Required work =>
In the output, include exactly the lines from the beginning of the records up to and including the one that contains "Además, puedes personalizarla", and leave out the pictures.

--- Data for this exercise ---

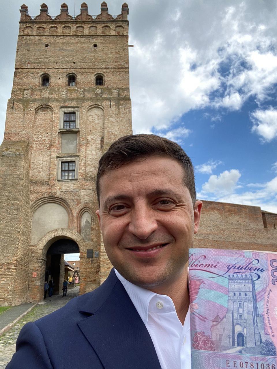 "Похоже? Позади меня - въездная башня Луцкого замка, та самая, что на нашей 200-гривневой купюре. Всегда мечтал сравнить рисунок с реальностью. В замке почувствовал дух истории и волынских легенд", - прокомментировал Зеленский свое селфи в социальных сетях.
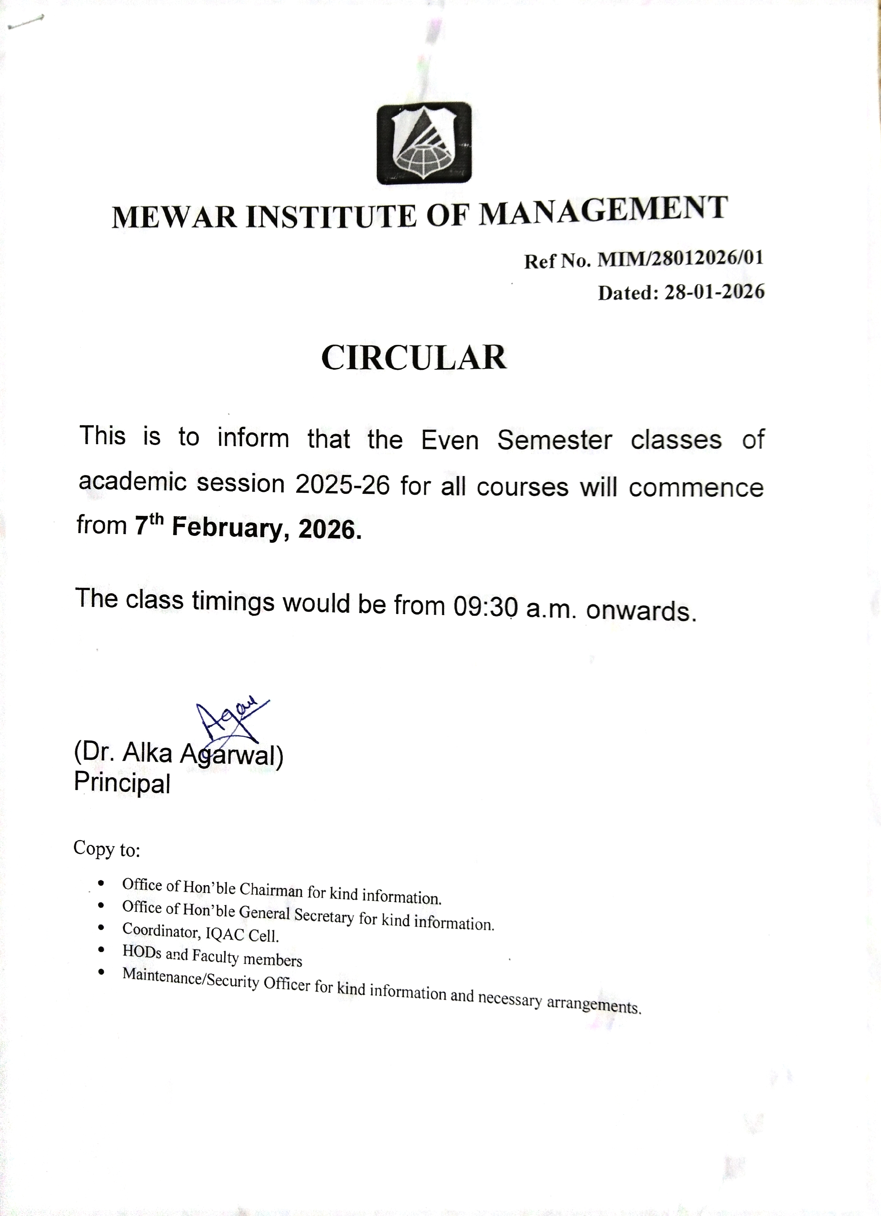 28-01-2026 This is to inform that the Even Semester classes of academic session 2025-26 for all courses will commence from 7th February, 2026. The class timings would be 09:30 a.m. onwards. View PDF
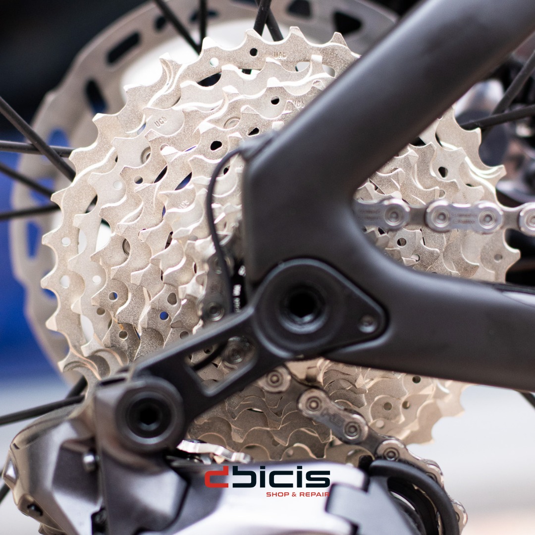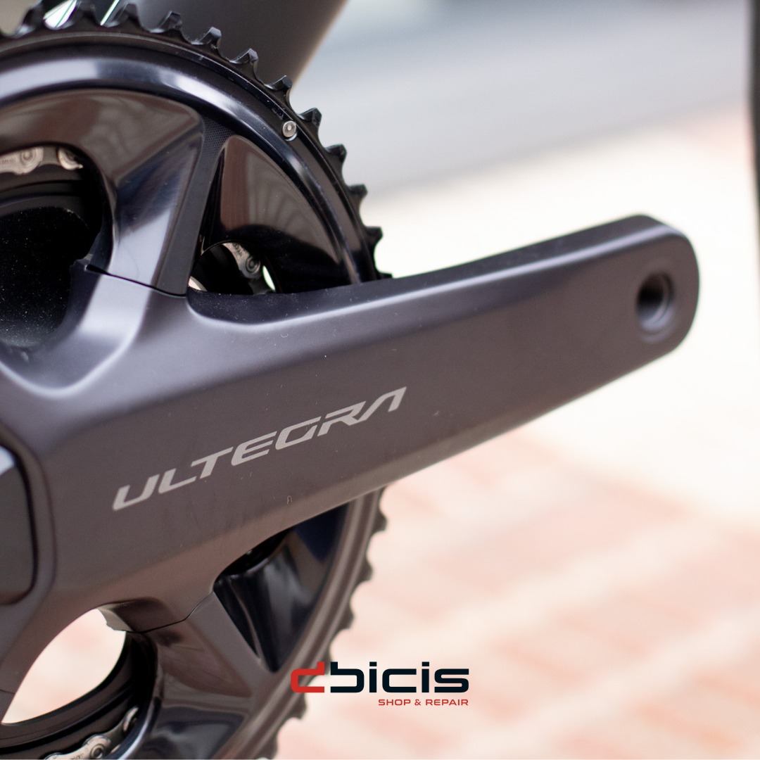 Además, puedes personalizarla a tu gusto, como se muestra en la imagen con un Grupo completo Ultegra Di2 12V con mandos satélite y bielas Ultegra con potenciómetro.
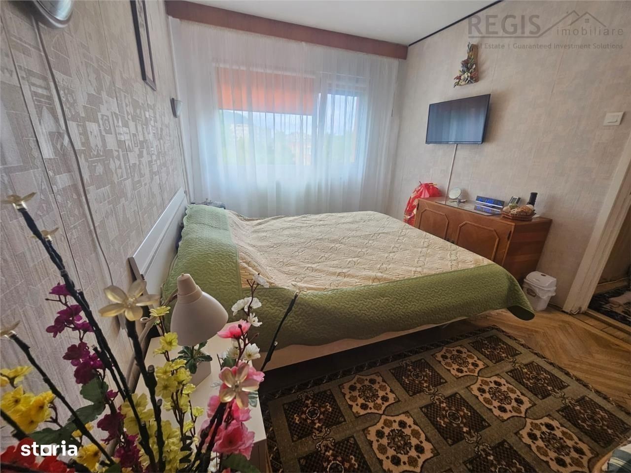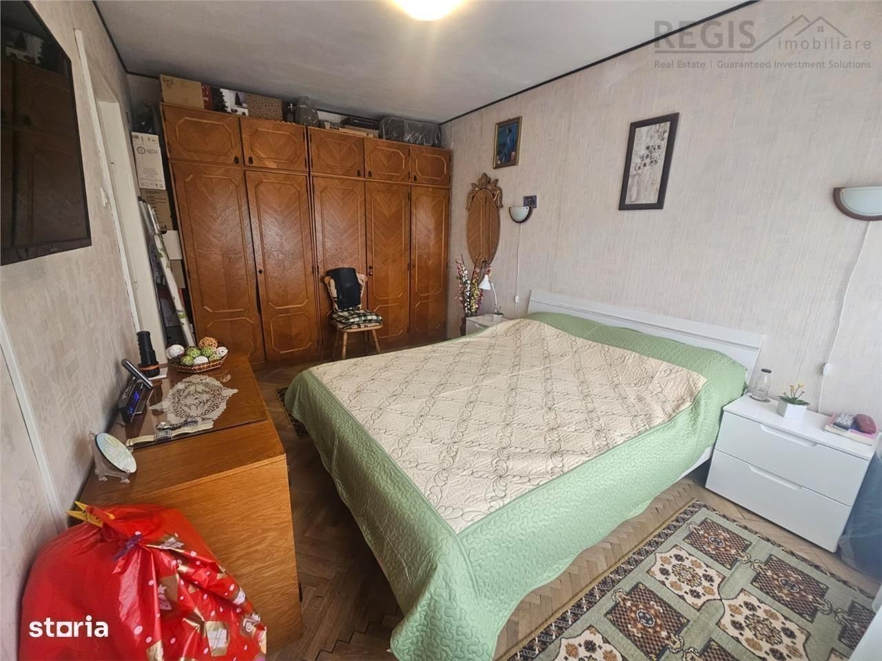 ID intern: 5260 REGIS Imobiliare va propune spre vanzare un apartament cu 2 camere, situat la etajul 4 din 4, cu o suprafata utila de 48 mp. Proprietatea dispune de balcon inchis in termopan, uscator de rufe pe acelasi palier (vecin cu apartamentul), si fara camere amplasate pe colt. In camere este montat parchet mare din stejar, oferind un plus de confort si eleganta. Imbunatatiri si dotari: Instalatie electrica noua, realizata cu fire din cupru Ferestre din termopan Bloc anvelopat pe exterior Acoperis in stare foarte buna, fara probleme sau infiltratii Centrala termica schimbata in urma cu 2 ani Masina de spalat noua Rulou exterior la dormitor Se vinde mobilat Scara blocului are lumina naturala, iar vecinii sunt linistiti. Zona este aerisita si verde, cu acces facil la supermarketuri, scoli, gradinite, statii de autobuz si parcuri - ideala pentru o viata linistita si practica. Comision agentie: 2% + TVA
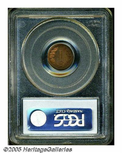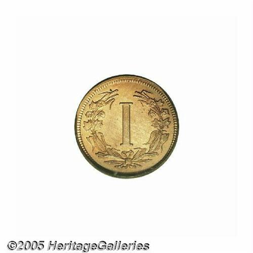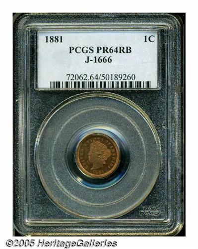 <B>1881<1C> Liberty Head One Cent, Judd-1666, Pollock-1866, High R.6, PR64 Red and Brown PCGS.</B></I> Charles Barber's Liberty nickel obverse is seen here on a diminutive one cent pattern. This same obverse was also used on three cent and five cent patterns from this year. The reverse is simply laid out with a Roman numeral I in the center, surrounded by a wreath of wheat and cotton. Struck in copper with a plain edge. This exactingly struck near-Gem is predominately light orange-gold in color, mellowed in deeper brown hues along the reverse border from 1 to 7 o'clock. A few miniscule carbon flecks prevent a higher numerical grade.

---

Response below =>
 "Похоже? Позади меня - въездная башня Луцкого замка, та самая, что на нашей 200-гривневой купюре. Всегда мечтал сравнить рисунок с реальностью. В замке почувствовал дух истории и волынских легенд", - прокомментировал Зеленский свое селфи в социальных сетях.
 28-01-2026 This is to inform that the Even Semester classes of academic session 2025-26 for all courses will commence from 7th February, 2026. The class timings would be 09:30 a.m. onwards. View PDF
 Además, puedes personalizarla a tu gusto, como se muestra en la imagen con un Grupo completo Ultegra Di2 12V con mandos satélite y bielas Ultegra con potenciómetro.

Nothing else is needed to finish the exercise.